Wednesday, June 15, 2022

African Diaspora at Internet Archive: Natalie Curtis Burlin

It looks like this week is turning out to be a week of African American music, so I want to turn back to an important American musicologist who worked on both African and African American music, Natalie Curtis Burlin, and her book, Negro Folk-Songs: The Hampton Series, published in 1918 and 1919. 


This Dover edition combines the series of four small books into a single volume, paginated accordingly, but there is not a new introduction; it's just the contents of the books as Burlin published them, and the introduction to Hampton and to her work there is as she wrote it. Books 1-2 have 8 spirituals, while Books 3-4 have 8 secular songs. Each song has detailed notes and music for a quartet performance:


It was during her work at Hampton that Burlin met two African students there, C. Kamba Simango, and Madikane Čele, and they wrote a book together: Songs and Tales from the Dark Continent which was published in 1920. The Zulu songs and stories come from Madikane Čele, and the Ndau songs, stories, and proverbs come from C. Kamba Simango. 

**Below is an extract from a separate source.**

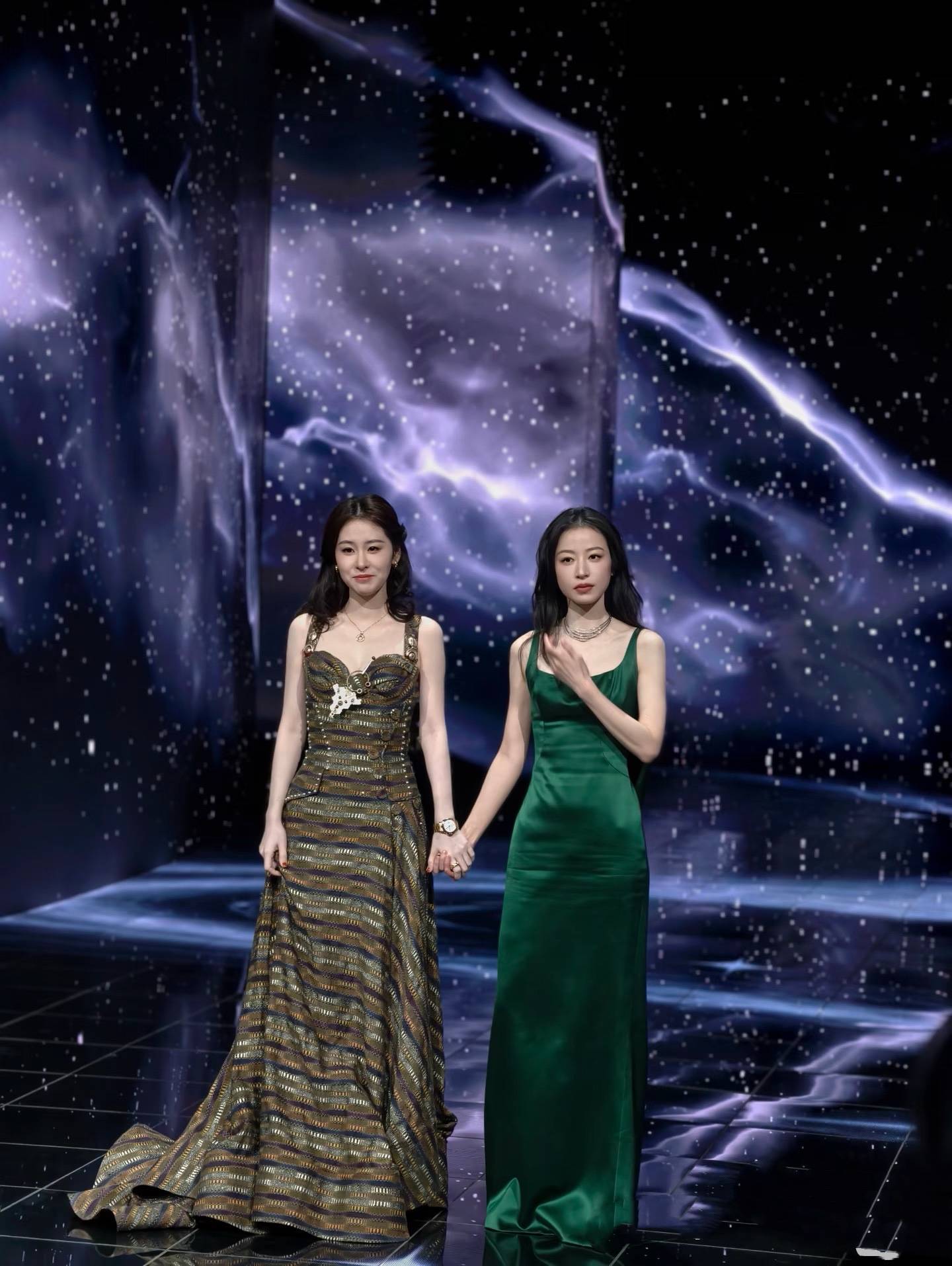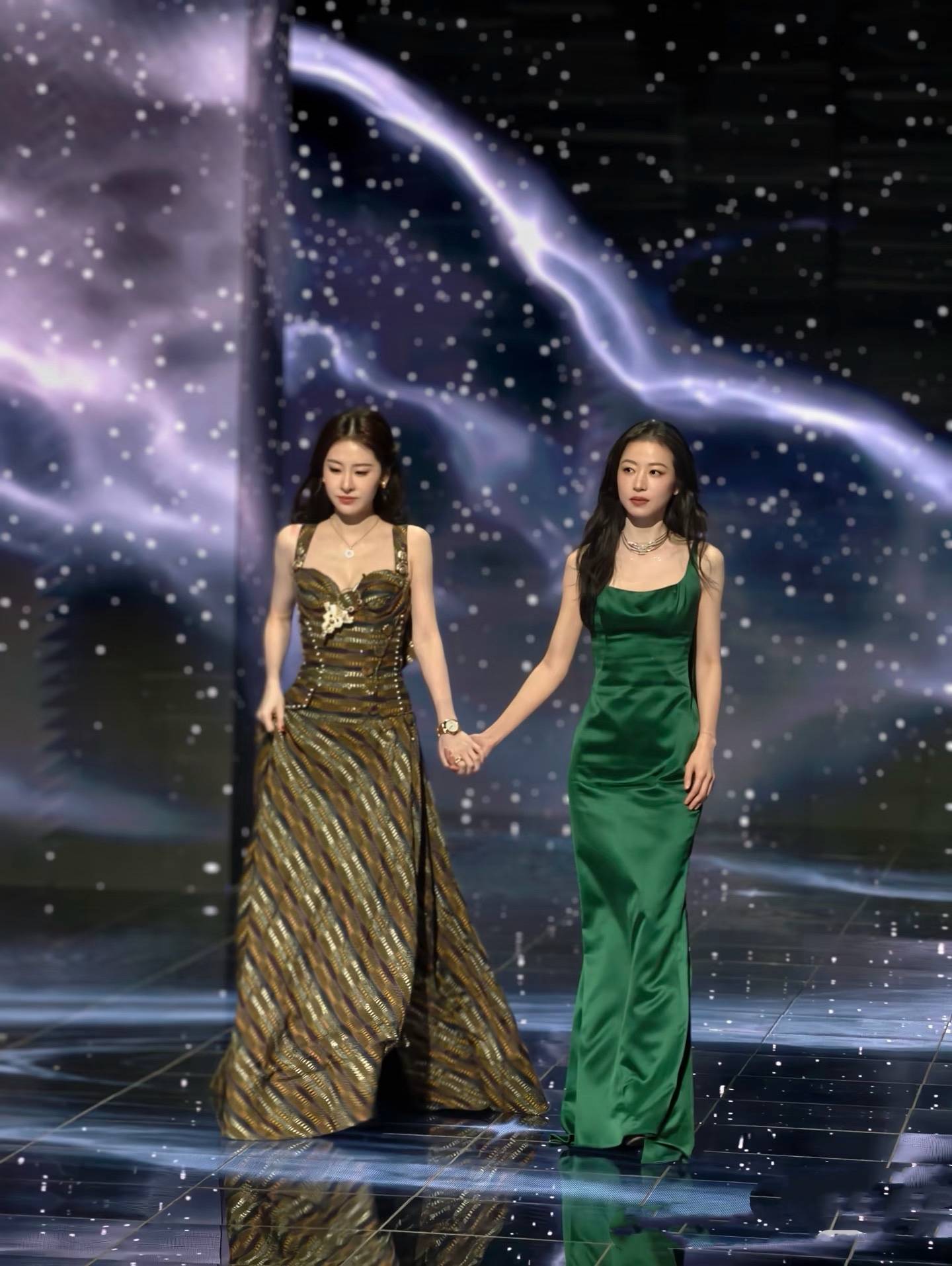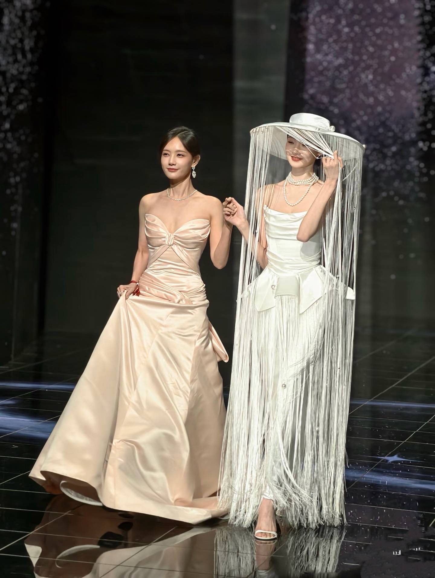李一桐和张艺凡牵手上台的时候,真是惊艳到我了。如果说李一桐造型简单,那么张艺凡这流苏斗笠简直就是华美。

I included some of the song-stories from that book in the anthology of stories in The Reader's Guide to African Folktales at the Internet Archive!, here's "How the Animals Dug Their Well."


So, while these books are very dated and reflect many prejudices of their times, Burlin's work is still valuable; in her time, she was an important defender of both African and African American culture generally and of musical culture in particular. You can find out more about her life and career at Wikipedia. She was killed in a car accident in 1921, shortly after completing these two books; she was only 46 years old.